Григорий Иванович, который успел прочесть кое-что из него и всю ночь хохотал от «Вия»… увы, также не мог вполне понять художественное достоинство Гоголя; он почувствовал только один комизм его. Это не помешало ему быть вполне любезным по-своему с своим земляком. Гоголь за обедом вдруг спросил меня потихоньку: «Откуда этот превосходный портрет?» – и указал на портрет Кирилловны, написанный Машенькой Карташевской. Я, разумеется, сейчас объяснил дело, и Машенька, которой по нездоровью не было за столом, также и Веры, была сердечно утешена отзывом Гоголя. После обеда он смотрел портрет Веры, начатый Машенькой, и портрет нашей Марихен, сделанный Верой, и чрезвычайно хвалил, особенно портрет Марихен, и в заключение сказал, что им нужно коротко познакомиться с Вандиком, чтоб усовершенствоваться. Оба друга были в восхищении. Я объяснил ему, какое прекрасное существо Машенька Карташевская. После обеда Гоголь долго говорил с Григорием Ивановичем об искусстве вообще: о музыке, живописи, о театре и характере малороссийской поэзии; говорил удивительно хорошо! Все было так ново, свежо и истинно! И какой же вышел результат? Григорий Иванович, этот умный, высоконравственный, просвещенный и доступный пониманию некоторых сторон искусства человек, сказал нам с Верой: что малороссийский народ пустой, что и Гоголь сам точно такой же хохол, каких он представляет в своих повестях, что ему мало одного, что он хочет быть и музыкантом и живописцем, и начал бранить его за то, что он предался Италии. Это меня сердечно огорчило, и Вера печально сказала мне: «Что после этого и говорить, если Григорий Иванович не может понять, какое глубокое и великое значение имеет для Гоголя вообще искусство, в каких бы оно формах ни проявлялось!»

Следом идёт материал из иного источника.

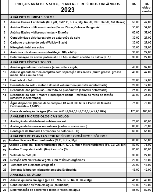 O Departamento de Solos da Universidade Federal de Pelotas informa a tabela de preços atualizados no ano 2023. Desconto cedido para lotes de 50 ou mais amostras entregue no intervalo de 30 dias e/ou para análise de projetos da Ufpel.

Тринадцатого ноября этого года осталось для меня незабвенным днем на всю мою жизнь. После обеда, часов в семь, мы ушли с Гоголем наверх, чтоб поговорить наедине. Когда я позвал Гоголя, обнял его одной рукою и повел таким образом наверх, то на лице его изобразилось такое волнение и смущение… Нет, оба эти слова не выражают того, что выражалось на его лице! Я почувствовал, что Гоголь, предвидя, о чем я буду говорить с ним, терзался внутренно, что ему это было больно, неприятно, унизительно. Мне вдруг сделалось так совестно, так стыдно, что я привожу в неприятное смущение, даже какую-то робость этого гениального человека, – и я на минуту поколебался: говорить ли мне с ним об его положении? Но, взойдя наверх, Гоголь преодолел себя и начал говорить сам.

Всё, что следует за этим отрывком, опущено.